== Exercise directions ==
The listing is to be returned word for word, without its images.

Data segment section start

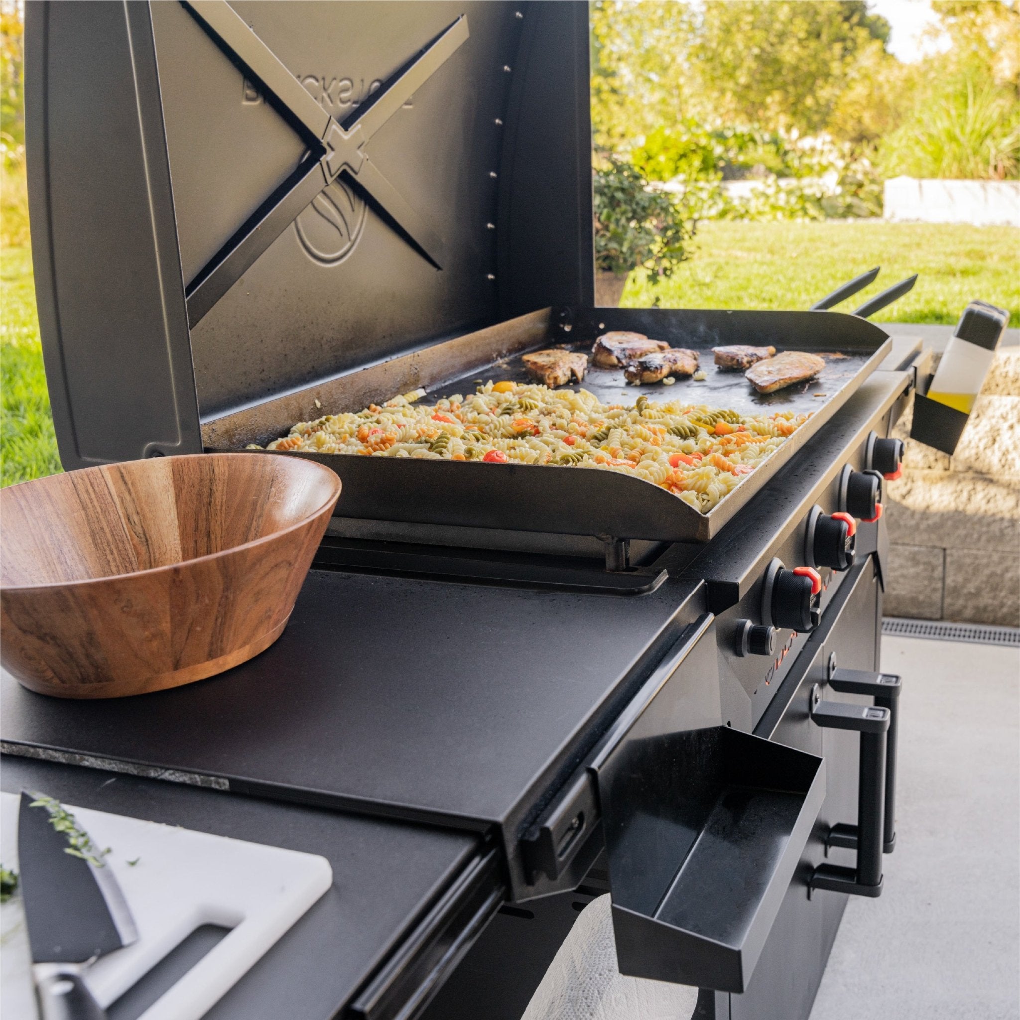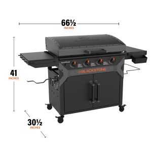 - Reinforced ‘X’ brace hood protects your griddle surface between uses.
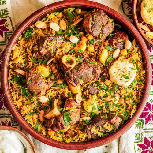 Tender lamb is gently cooked with aromatic spices, chickpeas, garlic, and perfectly seasoned rice — all infused together inside a sealed pot to lock in deep, rich flavor. Every grain of rice Qedreh the warmth of cumin, cardamom, and Palestinian spice blends, creating a dish that is bold, comforting, and unforgettable.
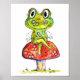 This is an original mixed media painting of a whimsical green frog sitting on a toadstool.
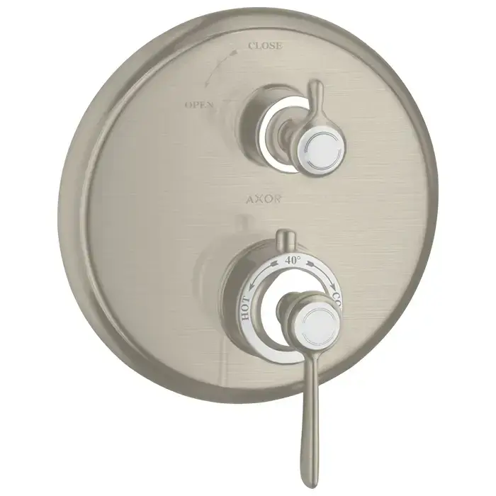 Axor Montreux, Термостат с запорным вентилем, СМ, с рычаговой рукояткой, внешняя часть, цвет: никель шлифованный

Data segment section end

== Solution to this task ==
 - Reinforced ‘X’ brace hood protects your griddle surface between uses.
 Tender lamb is gently cooked with aromatic spices, chickpeas, garlic, and perfectly seasoned rice — all infused together inside a sealed pot to lock in deep, rich flavor. Every grain of rice Qedreh the warmth of cumin, cardamom, and Palestinian spice blends, creating a dish that is bold, comforting, and unforgettable.
 This is an original mixed media painting of a whimsical green frog sitting on a toadstool.
 Axor Montreux, Термостат с запорным вентилем, СМ, с рычаговой рукояткой, внешняя часть, цвет: никель шлифованный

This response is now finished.